2015 ISAKOS Biennial Congress ePoster #1257
Kinematics and Contact Stress Comparison of All Epiphyseal and Complete Transphyseal ACL Reconstructions
Moira McCarthy, MD, New York, NY UNITED STATES
Hamid Jahandar, BS, New York, NY UNITED STATES
Peter D. Fabricant, MD, MPH, New York, NY UNITED STATES
James Boorman-Padgett, BS, New York, NY UNITED STATES
Daniel W. Green, MD, MS, New York, NY UNITED STATES
Carl W. Imhauser, PhD, New York, NY UNITED STATES
Frank A. Cordasco, MD, MS, New York, NY UNITED STATES
Hospital for Special Surgery, New York, New York, USA
FDA Status Not Applicable
Summary: All-epiphyseal ACL reconstruction restores stability to the ACL deficient knee and reduces the posterior joint contact stresses seen with ACL deficiency.
Introduction:Pediatric ACL reconstruction techniques can restore stability and contact pressures to the ACL deficient knee. The complete transphyseal (CT) reconstruction uses a vertical graft to minimize physeal trauma. The all-epiphyseal (AE) reconstruction avoids the physis completely. A direct comparison of the kinematics and contact stresses after AE and CT ACL reconstructions have not been studied.
Hypothesis:Both the AE and CT reconstructions will restore translational kinematics but the AE technique will better restore rotational kinematics. The AE reconstruction will more closely replicate the contact stresses of the ACL intact knee compared to the CT reconstruction because of the restoration of rotational stability.
Methods:Nine fresh-frozen human cadaveric knees were tested using a robotic manipulator. Each of the specimens was tested with the intact ACL, the deficient ACL, and after each reconstruction method. Reconstruction order was alternated from specimen-to-specimen. The AE utilized sockets oriented within the epiphyses. The CT had more central and vertical sockets in both the tibia and femur. Both reconstructions were fixed with identical suspensory cortical fixation devices using an all-inside technique and 10 mm diameter hamstring grafts. Anterior stability was assessed with 134N anterior force at 30 and 90° of knee flexion simulating the Lachman and anterior drawer exams, respectively. The pivot shift exam was simulated by applying a combined 8 Nm and 4 Nm of abduction and internal rotation, respectively, at 15 and 30° of knee flexion. Tibiofemoral motions were recorded and mean contact stresses generated within the tibiofemoral compartments were measured using contact stress transducers. Outcomes were compared across conditions of the ACL using generalized estimating equations.
Results:Both reconstructions had significantly decreased anterior translation, medial translation, and internal rotation compared to the ACL deficient knee (Figure 1) in response to a simulated pivot shift. However, internal rotation and medial translation remained elevated beyond ACL-intact levels following the CT reconstruction by 10.5% (P<0.05) and by 75.3% (P<0.05), respectively. During the simulated Lachman and anterior drawer tests, both reconstructions restored anterior translation to that of the ACL intact knee. In response to the pivot-shift, the AE reconstruction decreased lateral posterior contact stresses compared to the ACL-deficient knee. However, following CT reconstruction, they remained elevated compared to the ACL-competent knee (P<0.05). Both reconstruction techniques offloaded the posterior aspect of the medial tibial plateau compared to the ACL-deficient knee in response to anterior loading at 30 and 90° of knee flexion, but the AE had higher posterior contact stresses at 90 compared to the ACL-intact knee.

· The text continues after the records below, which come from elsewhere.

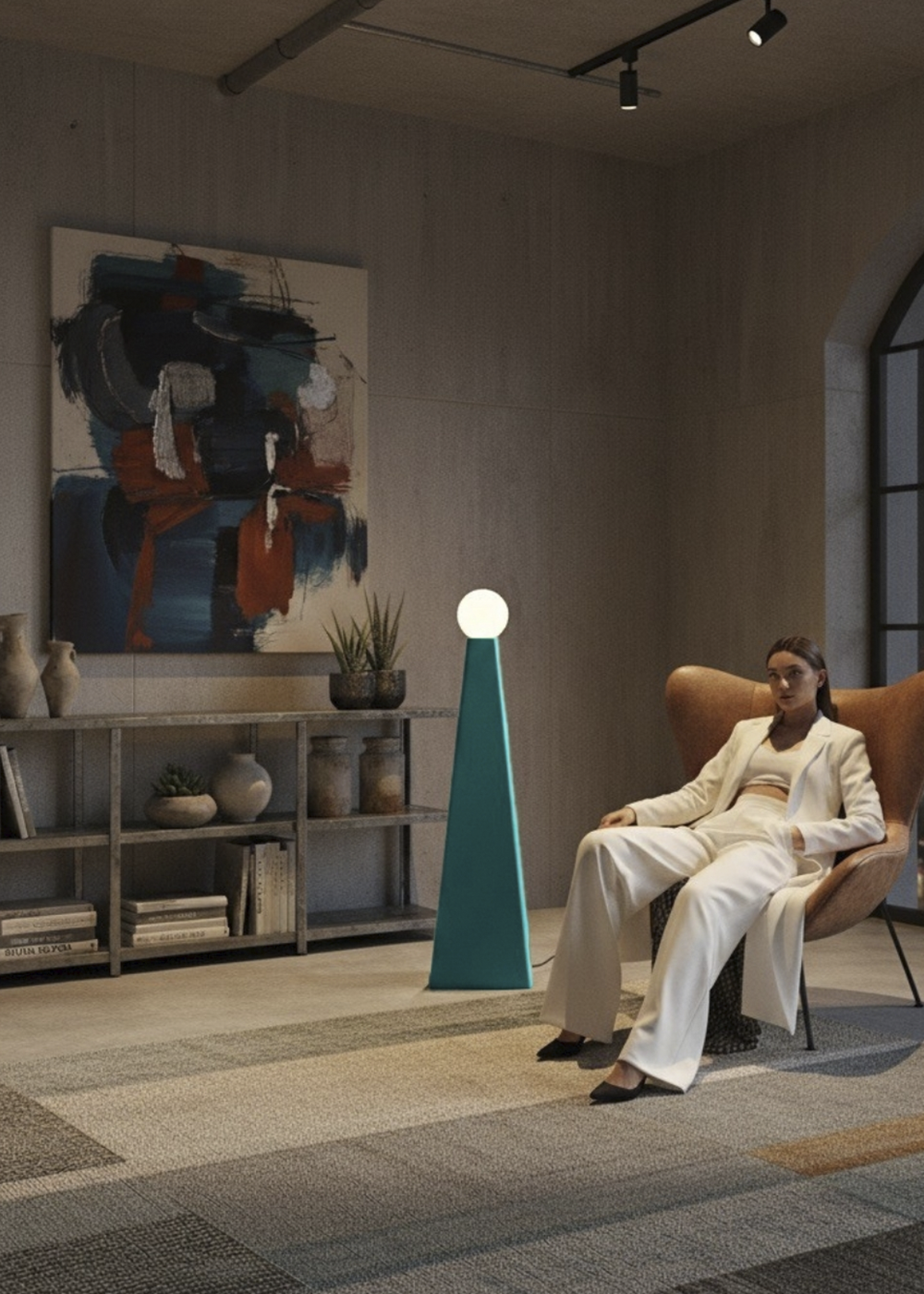 ORB, gökyüzündeki ayın ya da yıldızın yeryüzüne inmiş hali gibi tasarlandı. Geometrik, köşeli ve sağlam gövdesi (yeşil prizmatik form), doğayı ve toprağı simgelerken; tepesindeki yuvarlak küre ışık kaynağı gökyüzünü, güneşi ya da ayı temsil ediyor. ORB’un hikayesi aslında gündelik yaşamda da bir metafor: Kaosun ortasında sade bir ışık noktası. Karanlıkta hem yön gösteriyor hem de huzur veriyor.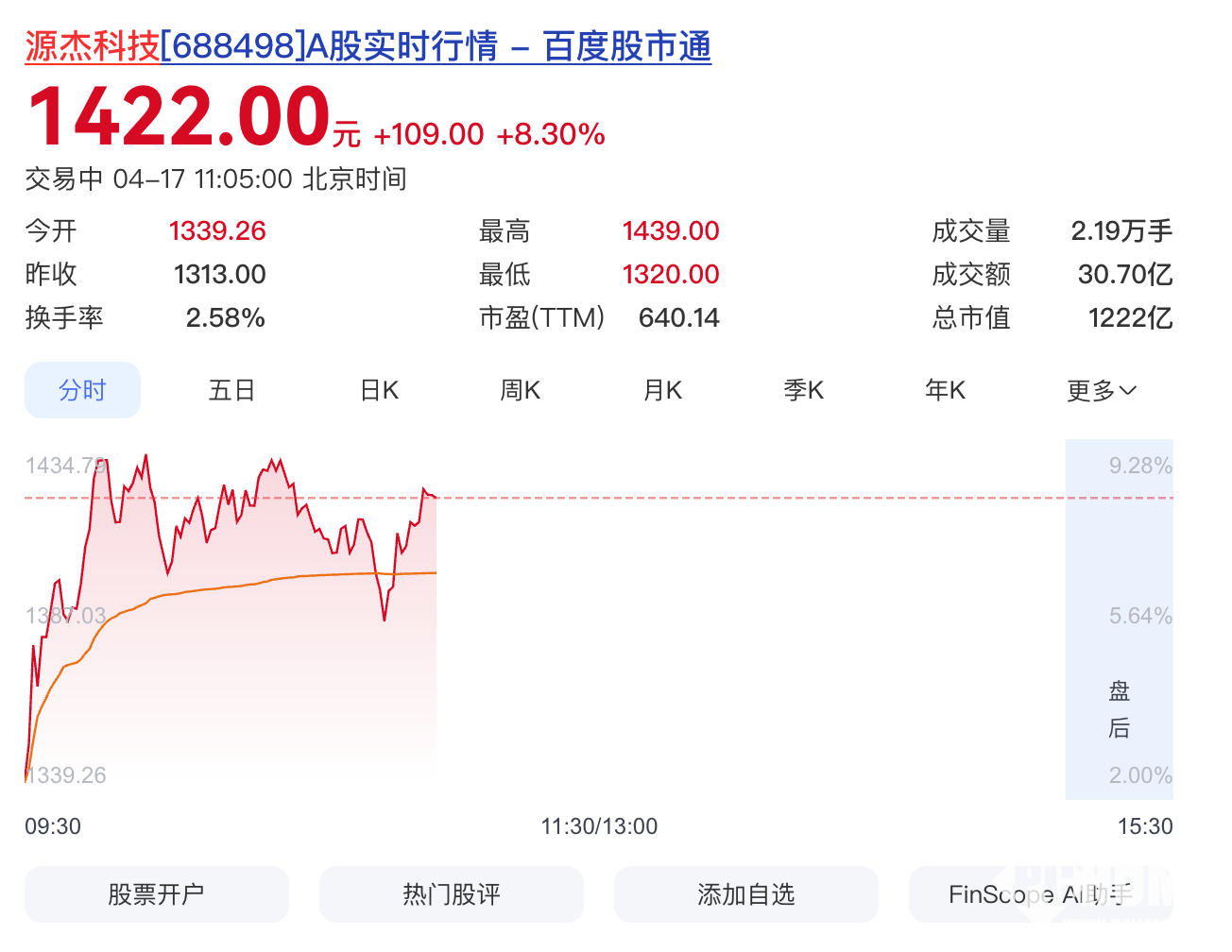 PChome 4月17日,源杰科技股价涨超8%,截至发稿报1422元/股,超越茅台的1405.6元/股,登顶A股“新股王”。不过源杰科技的市值仅为1222亿元,远不及茅台的1.76万亿元。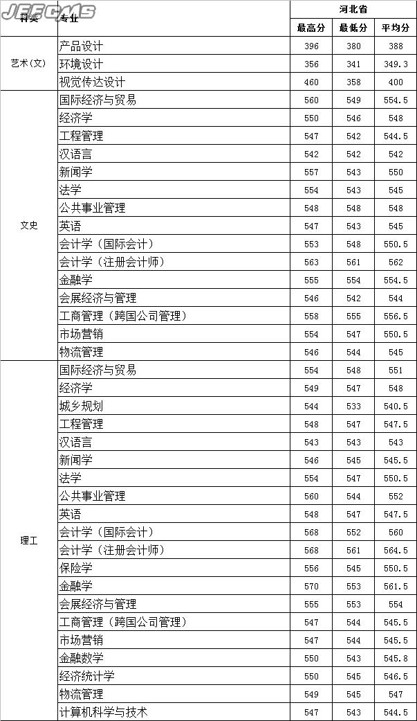 云南財(cái)經(jīng)大學(xué)2015年河北省錄取情況一覽表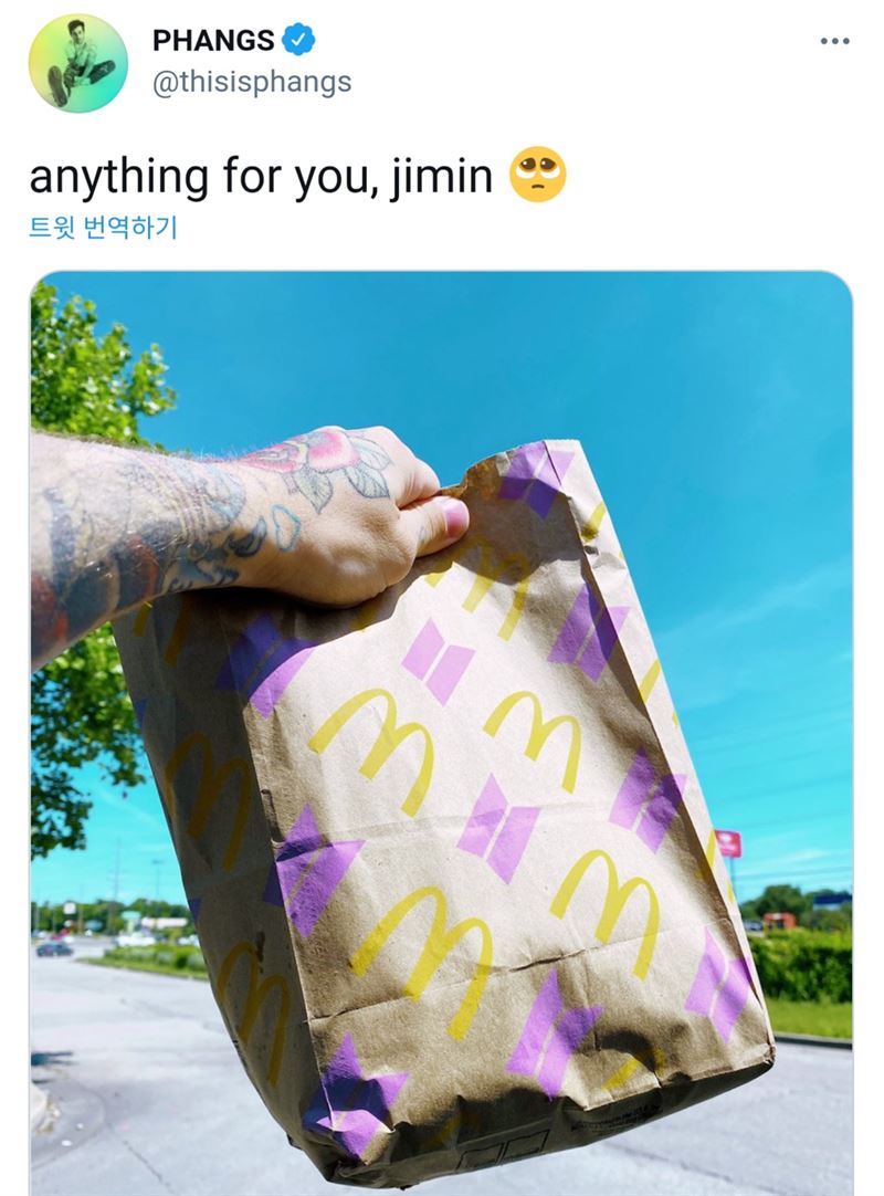 뮤지션 PHANGS와 아이하트라디오 PD인 JJ Ryan 또한 BTS와 맥도날드 로고가 새겨진 봉투 사진을 자신의 SNS에 게시하고 광고 속, 지민이 소개하는 스위트 칠리 소스를 가장 좋아하는 소스로 꼽아 지민의 파급력을 입증했다. 특히, PHANGS는 사진과 함께 'anything for you, jimin'라는 글로 글로벌 팬들의 뜨거운 호응을 받았다.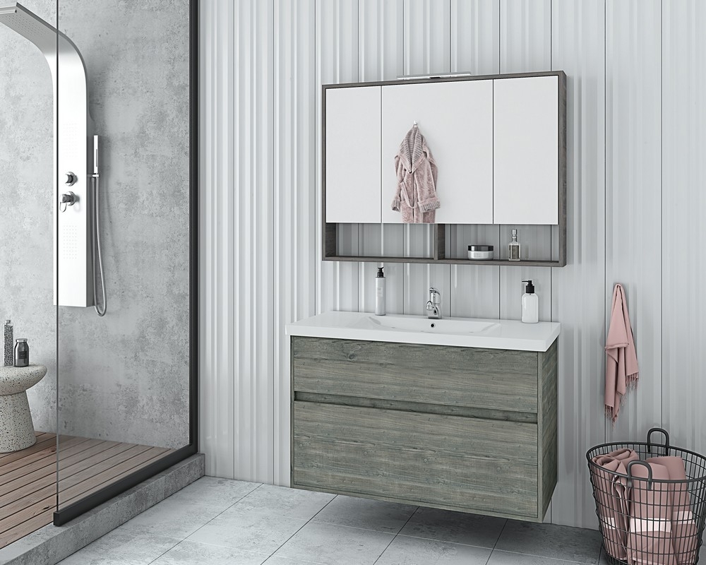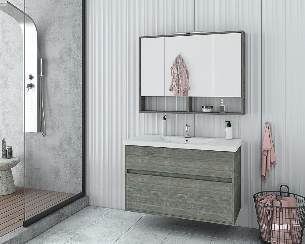 Instinct möbelpaket från Nordamist med ett rökfärgat väggfäst tvättställsskåp, tvättställ med integrerat porslinshandfat och spegelskåp.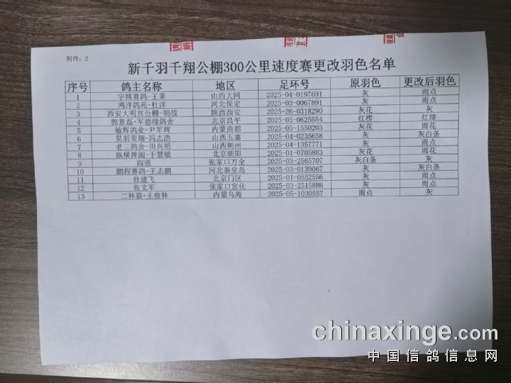 新千羽千翔公棚300公里速度赛更改羽色名单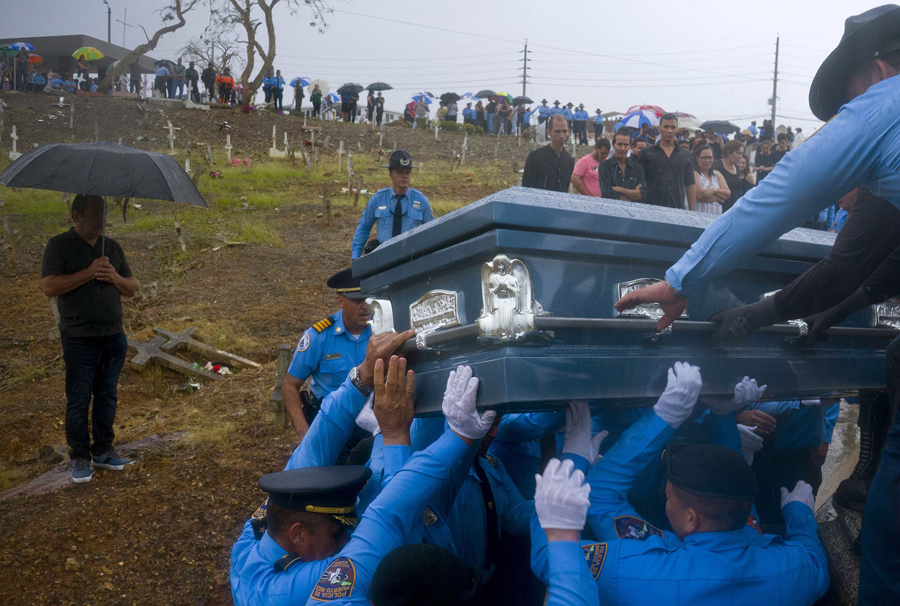 Read moreHonor guards carry the coffin of policeman Luis Angel Gonzalez Lorenzo, killed during the passage of Hurricane Maria when he tried to cross a river in his car, during his funeral at the cemetery in Aguada, Puerto Rico, on September 29, 2017. #
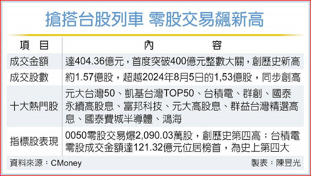 台股2日受美伊戰爭因素影響拉回,終結連七漲並測試5日線支撐,隨著盤勢急跌回檔吸引小資族搶上車,零股交易金額衝破400億元大關達404.34億元、成交股數1.57億股,同步改寫新高紀錄,元大台灣50、凱基台灣TOP50、台積電及群創等備受買盤關愛買氣升溫。
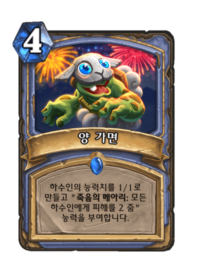 전투의 함성: 다른 직업의 무작위 가면을 얻습니다. 연계: 그 가면의 비용이 (2) 감소합니다.
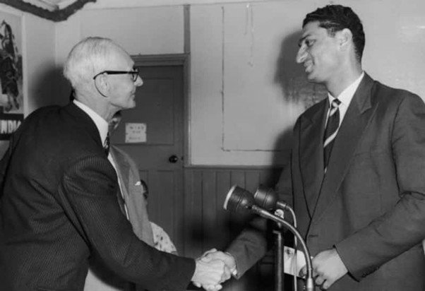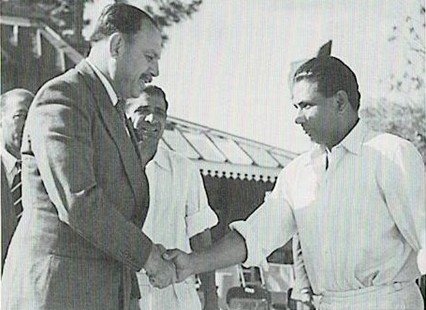 অমরনাথ ও (করমর্দনরত) মানকড়-এর সঙ্গে পাক-রাষ্ট্রনায়ক আইয়ুব খান, শিয়ালকোট, ১৯৫৪-৫৫ সফর

Conclusion:While both AE and CT reconstructions reduced anterior translations and posteromedial contact stresses in response to an anterior load, the AE technique more effectively reduced axial rotation and posterolateral contact stresses during a simulated pivot shift exam. These findings are likely due to the more oblique anatomic orientation of the AE graft, which makes it a more effective stabilizer to rotational and medial-lateral loads.